Our easy sponge cake recipe is foolproof. With only five ingredients this basic cake recipe just needs your favourite icing and you're sorted. It's a small sponge cake, made in an 18cm or 7in cake tin.

If you are looking for a larger recipe for a different tin size, or with some additional icing, try our sponge cake calculator for the perfect fit to your equipment or style.

Cakes and baking

Preparation

The trick to getting a sponge cake to rise is to mix the wet ingredients together before gently folding in the dry ingredients to keep air in the mixture. The creaming method, in which butter and sugar are beaten together until pale, light and fluffy, is used to make sponge cakes such as the Victoria sponges and fruit cakes. Whisked sponges contain no butter, and are therefore lower in fat. They are made by whisking the eggs and sugar until thick in a bowl placed over a pan of simmering water. The final method for making sponge requires the yolks and sugar to be beaten together and the egg whites whisked separately. The stiff whites are then folded gradually into the yolk mixture, alternating a little at a time with the sifted flour. Some light fruited cakes such as tea loaf use the melt-and-mix method. The butter and sugar are melted together, then cooled.
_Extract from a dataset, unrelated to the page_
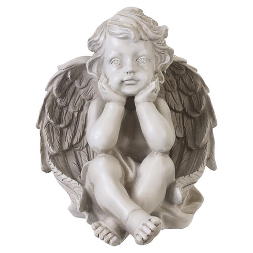 Estátua de querubim sentado para exterior 30 cm em resina clara.

The remaining ingredients are then added to create a batter.

Other considerations

Vegans and people who are allergic to eggs can make egg-free cakes using substitutes including cocoa butter, xantham gum, agar agar, arrowroot, locust bean gum, carob, vegetarian gelatine, vegan egg replacer, soya flour, banana, potato flour, or even mashed-up banana, silken tofu and chocolate. For vegans, or those who are dairy-intolerant, butter can be replaced with good soya margarine. Adding baking powder will help the cake to rise.